Prompt: An exact copy is all that is wanted: the lines from the one with "二一〇所主要負(fù)責(zé)人安全承諾書" through the end of the listing below, both included, minus any pictures.

Supplied material:
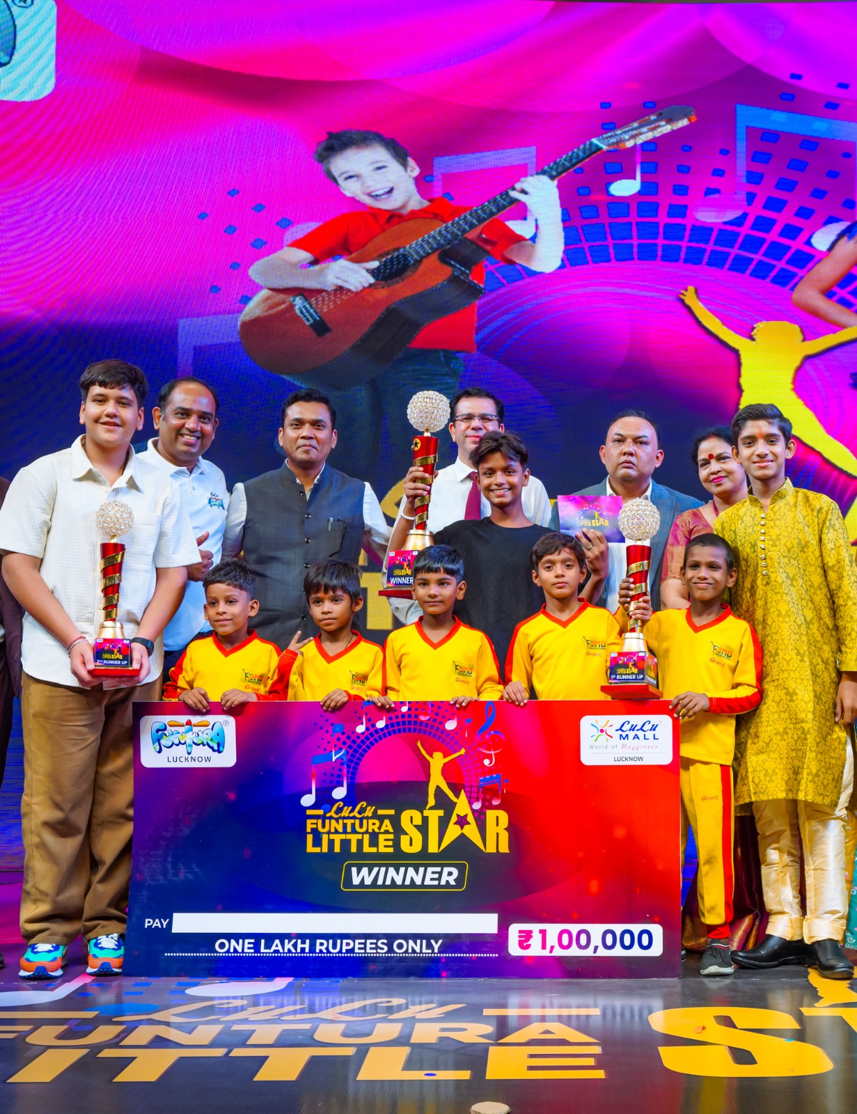 *लखनऊ*,, उत्तर प्रदेश के सबसे बड़े इनडोर पारिवारिक मनोरंजन गेम ज़ोन लुलु फंटुरा ने “फंटुरा लिटिल स्टार” का फाइनल आयोजित किया गया । इस आयोजन में 5-15 वर्ष की आयु के बच्चों की 21 दिनों की कड़ी मेहनत लगी, क्योंकि यह आयोजन तीन राउंड में विभाजित था। पहला राउंड प्रतिभा दिखाने के लिए था और हमें 1200 पंजीकरण प्राप्त हुए, जिनमें से 800 से अधिक बच्चे शहर और आसपास के जिलों के विभिन्न स्कूलों से आए थे। हम 50 बच्चों को अपने दूसरे राउंड में ले गए, जहां प्रतिभा का स्तर दोगुना था। हमारे जज पैनल की लंबी चर्चा के बाद, हम सर्वश्रेष्ठ 11 को अपने तीसरे और अंतिम राउंड में ले गए। हमारे जज डॉ. पूनम, सुश्री ईशा रतन, सुश्री मिशा रतन और श्री सैयद शमशुर रहमान ने कहा, “हमारे लिए बच्चों का चयन करना आसान नहीं था, क्योंकि वे उत्कृष्ट और उत्साह से भरे हुए थे। उन्होंने श्री बिजू सुगाथन (क्षेत्रीय प्रबंधक- लुलु मॉल, लखनऊ), श्री सेबतेन हुसैन (जनसंपर्क प्रबंधक- लुलु मॉल, लखनऊ) और श्री वसीम अहमद खान (प्रबंधक- फंटुरा, लुलु मॉल, लखनऊ) की उपस्थिति में विजेता को पुरस्कृत किया।
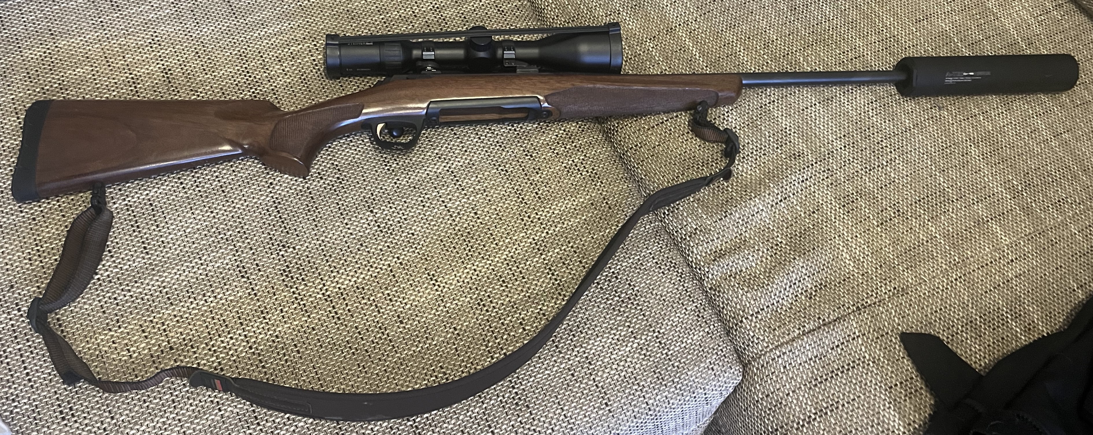 Repetierbüchse im Kaliber 30-06, bisherige Schussleistung < 100 Schuss. Waffe wurde nur jagdlich geführt und hat minimale Gebrauchsspuren. Waffe wird nur als Paket verkauft, d.h. inkl. ZF und Schalldämpfer.
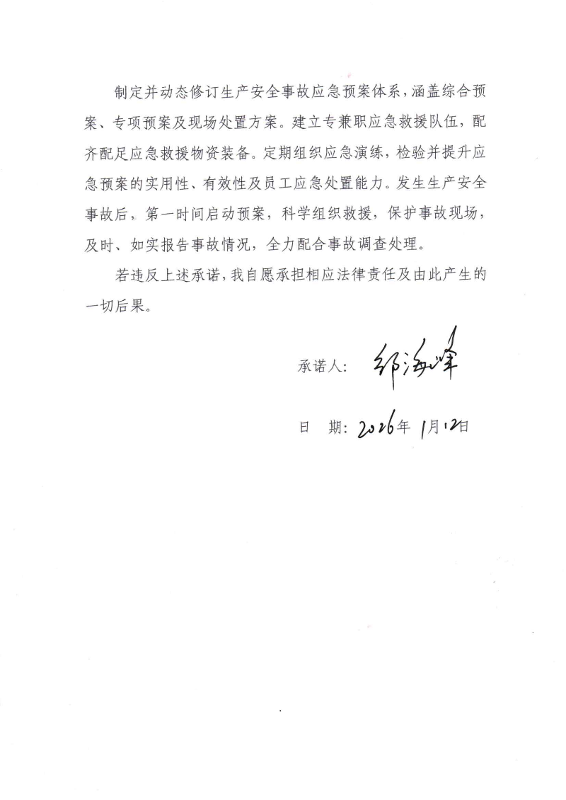 二一〇所主要負(fù)責(zé)人安全承諾書
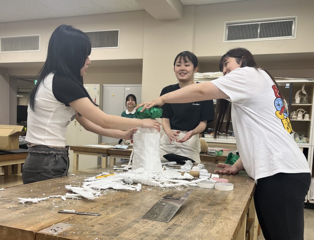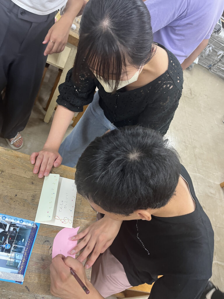 昨年度同じアート活動をおこなった先輩も来て、3年生にアドバイスをしてくれました。

Task solution:
 二一〇所主要負(fù)責(zé)人安全承諾書
 昨年度同じアート活動をおこなった先輩も来て、3年生にアドバイスをしてくれました。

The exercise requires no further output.